Alignment research, especially research on practical alignment methods for current AI systems, contributes significantly to AI progress, and will do so even more in the coming future. For instance, alignment research will probably be a major contributor to building automated researchers, since evaluating research is a hard task and there are all kinds of ways AIs could perform adversarial optimization against our evaluation schemes. Automated AI researchers will further accelerate AI progress, and could even lead to a fast takeoff.
What if we fail to align the automated researchers? First, I find it unlikely that the first line of automated researchers will be so capable that failing to align them will pose serious risks, e.g. they will try to deceive the evaluator but get caught relatively easily, and will simply be deemed useless. If the alignment of automated AI researchers is so hard that we can’t solve it for a long time, (although it will likely happen at some point anyways) then we could get more time to make societal preparations for AGI, and to research alignment in a way that’s transferable to future systems. I would consider this a positive outcome.

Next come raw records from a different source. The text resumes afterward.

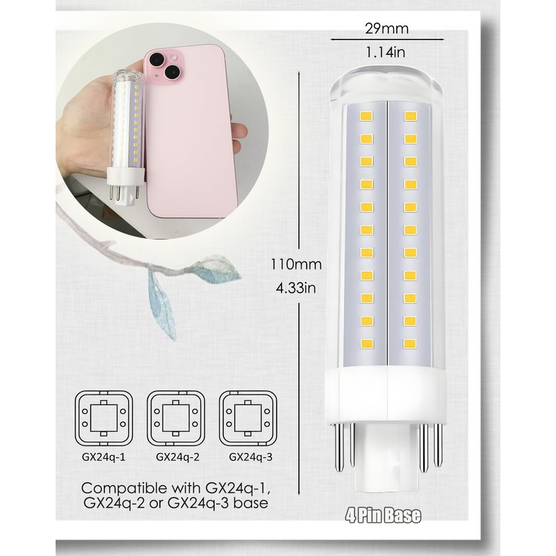 - Lamp Holder Compatibility: The 4 pin light bulb is compatible with the GX24Q-1 GX24Q-2 and GX24Q-3 bases. Check size beforehand for proper fit. This GX24Q-3 LED bulb offers a wide 360-degree beam angle, flexible for various GX24Q fixtures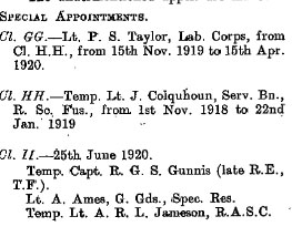 1920 Jun 25 Special Appointment . Capt. R. G. S. Gunnis, late R.E., T.F., to be temp. Capt. whilst specially empld. . A.Ames, who was shot on Bloody Sunday , is on same list. The other is ARL Jameson who is a mysterious figure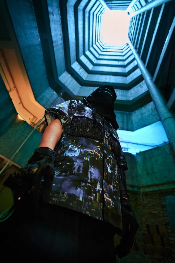 服装以赛博朋克的未来科技感与重庆地道的码头文化融合,以独特的视角表达重庆精神。

This gets us to the question: is it possible to do alignment research that doesn’t contribute significantly to the current AI progress but helps with aligning the future systems that will be developed during a fast takeoff? One promising direction is to create general alignment benchmarks, which will serve as both a target for optimization and a way to measure progress in the future. When automated researchers arrive, they can be used to optimize the alignment benchmarks in the same way they are used to optimize for capabilities. The amount of resources we invest into researching alignment would depend on our estimate of how much is needed to achieve sufficient alignment, which would also be crucially informed by results on the alignment benchmarks that measure progress.

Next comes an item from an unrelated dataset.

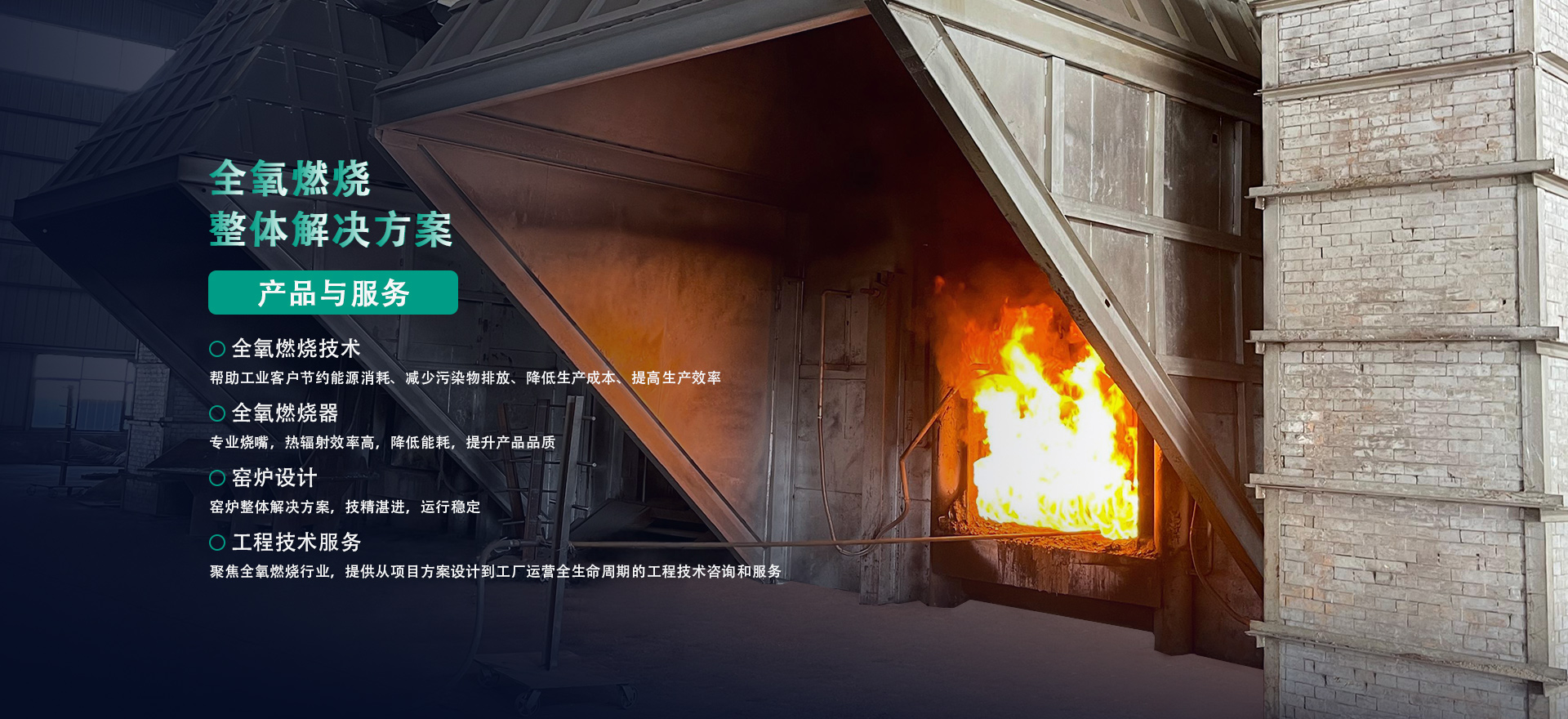 提供方案:成套熱能解決方案。高溫領(lǐng)域,采用富氧或全氧燃燒系統(tǒng),包括窯爐控制系統(tǒng)、全氧燃燒閥組、燒槍組件等

What might these general alignment benchmarks look like? First, we probably need a family of benchmarks that test different aspects of alignment, such as honesty, goal stability, etc. Second, it should be extremely robust against adversarial optimization, since we will use them as targets for optimization by automated researchers. Consider a naive benchmark where we give coding problems and check if the AI system solves them without cheating. But how do we check if the AI is cheating? This is basically the alignment problem itself. One potential remedy would be to create problems that are intentionally injected with vulnerabilities that the AI system could exploit, a.k.a. honeypots, and check if the AI system finds and exploits them. But this is quite limited in scope. To test superhuman cheating, we would need to create superhumanly complex and realistic vulnerabilities, which seems quite difficult. As such, we probably need the help of capable, trustworthy AI systems to help us create the alignment benchmarks for new AI systems. We shouldn’t aim at creating a static alignment benchmark today that will work for all future systems, but rather, we need to create a process for continuously creating and updating alignment benchmarks, or more generally, a way to automate alignment research.

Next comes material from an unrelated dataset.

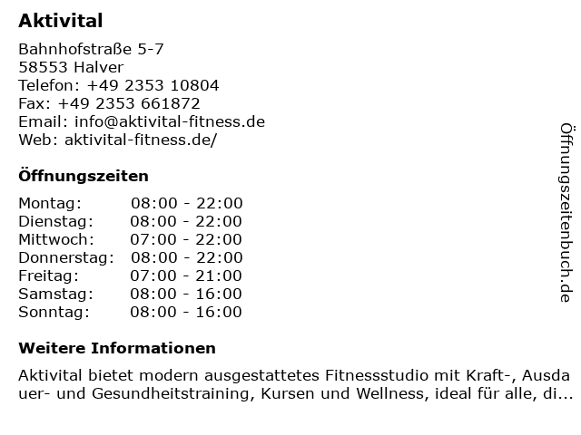 | Öffnungszeiten Aktivital in Halver anzeigen | |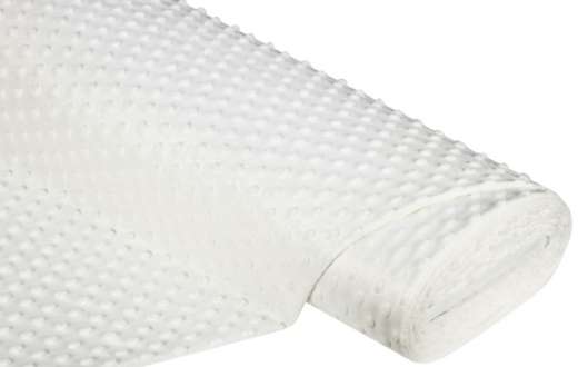 Noppen-Fleece "Minky", Farbe: offwhite, querelastisch, mit 3D-Noppen, Noppengrösse: ca. 1 cm Ø, Breite: 150 cm, Gewicht: ca. 250 g/m². Material: 100 % Polyester.

It’s possible that research on practical alignment methods of current AI systems is still valuable because it can provide insights and techniques that are applicable to future systems. However, if the future research loop with automated researchers is much more powerful than the current alignment research loop, then current progress on alignment doesn’t seem to matter much, i.e. “one year of progress on alignment today will be achieved in one day in the future”. I don’t think this logic applies to benchmark creation, because creating good benchmarks seems like a task that requires deep understanding and philosophizing, which might not be easily automatable. The extent to which current alignment methods transfers to future alignment also depends heavily on how similar the AI systems created by automated researchers will be to the current systems. Perhaps more importantly, researching practical alignment today can provide unexpected insights about how we should evaluate alignment, which informs the design of general alignment benchmarks. Moreover, certain methods might turn out to be so inefficient in practice that it’s unlikely to contribute significantly to current AI progress, but whose experiments with current systems can still provide useful insights for future alignment research.
Some caveats:
- Creating a general alignment benchmark might also accelerate practical alignment of current AI systems. However, I think it’s more important to consider its massive usefulness in aligning future AI systems with automated researchers.
- Doing research to optimize robust alignment benchmarks might be so hard, that we need an AI system with capability $n+1$ to find successful alignment methods for an AI system with capability $n$. If this is the case, then we would need extra resources to ensure that the automated researchers are performing research without deception, or other dangerous activities (or it might just be impossible to supervise them even with all our resources put into supervision).
Much of the research on scalable alignment, especially scalable oversight, already are targeted towards evaluating alignment methods of superhuman AIs, or at least considers it heavily in its work. We should continue to prioritize this line of research, as it seems crucial for tackling alignment with future automated researchers.